Ah, so a source would make more sense than a decorator then. I see...
We are definitely open to the idea of contributing back, and this is indeed probably something that a lot of people could use...
We are still evaluating what we will do, as we have a lot of stuff going on at once, but if we do decide to develop a custom source, then I'll do as you suggest and open a JIRA issue.
Thanks for your time and info :)
You definitely need to implement a custom source that knows how to
read the bin logs and pack each transaction into an event rather than
just tailing it. This will give you a discreet event for each
transaction that can be treated as a single unit and make downstream
processing MUCH easier.
Things to keep in mind:
* Flume does NOT guarantee order so make sure each event has a
timestamp or transaction ID that you can order by.
* Flume does NOT guarantee that you won't get duplicates so make sure
you have a globally unique transaction ID so you can deduplicate
This would be interesting functionality to get back into Flume. If you
can / want to contribute it back in the form of a custom source, feel
free to open a JIRA so others can help / watch progress.
On Tue, Aug 9, 2011 at 11:42 AM, Felix Giguere Villegas
> Hi :) !
> I have a use case where I want to keep a historical record of all the
> changes (insert/update/delete) happening on a MySQL DB.

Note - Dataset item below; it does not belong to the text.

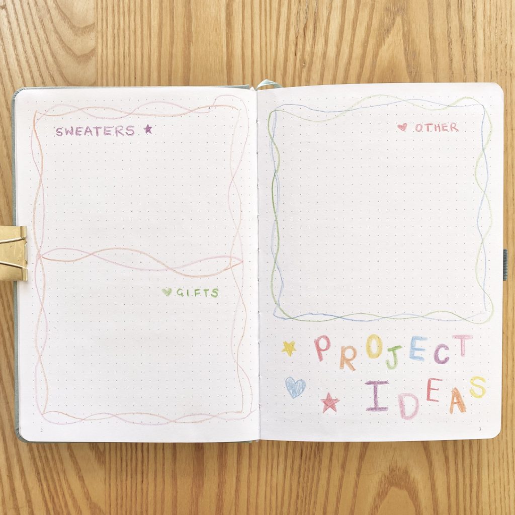 Next up, we have a Project Ideas spread, which I’ve split into three sections: Sweaters, Gifts & Other. If this were me, I’d have this spread split up into an extensive, comprehensive list of categories (you guys have seen my wish list spreads, right?!), but the more minimal, open vibe with fewer categories is what works best for my mum!

> I am able to tail the bin logs and record them in HDFS, but they are not
> easy to parse because one operation is split on many lines. There are some
> comments that include the timestamp, the total time it took to execute the
> query and other stuff. A lot of this extra info is not relevant, but the
> timestamp is important for me, and I thought I might as well keep the rest
> of the info as well since the raw data gives me the option of going back to
> look for these other fields if I determine later on that I need them.
> Now, the fact that it's split over many lines makes it harder to use with
> I have thought of using a custom M/R RecordReader but I still have the
> problem that some of the lines related to one operation will be at the end
> of one HDFS file and the rest will be at the beginning of the next HDFS
> file, since I am opening and closing those files at an arbitrary roll time.
> I think the easiest way would be to do some minimal ETL at the source. I
> think I could use a custom decorator for this. Basically, that decorator
> would group together on a single line all the bin log lines that relate to a
> single DB operation. The original lines would be separated by semi-colons or
> some other character in the final output.
> I wanted to check with you guys to see if that approach made sense. If you
> have better suggestions, then I'm all ears, of course. Also, if you think
> there is an easier way than reading the bin logs to accomplish my original
> goal, then I'd like to hear about it as well :)
> Thanks :) !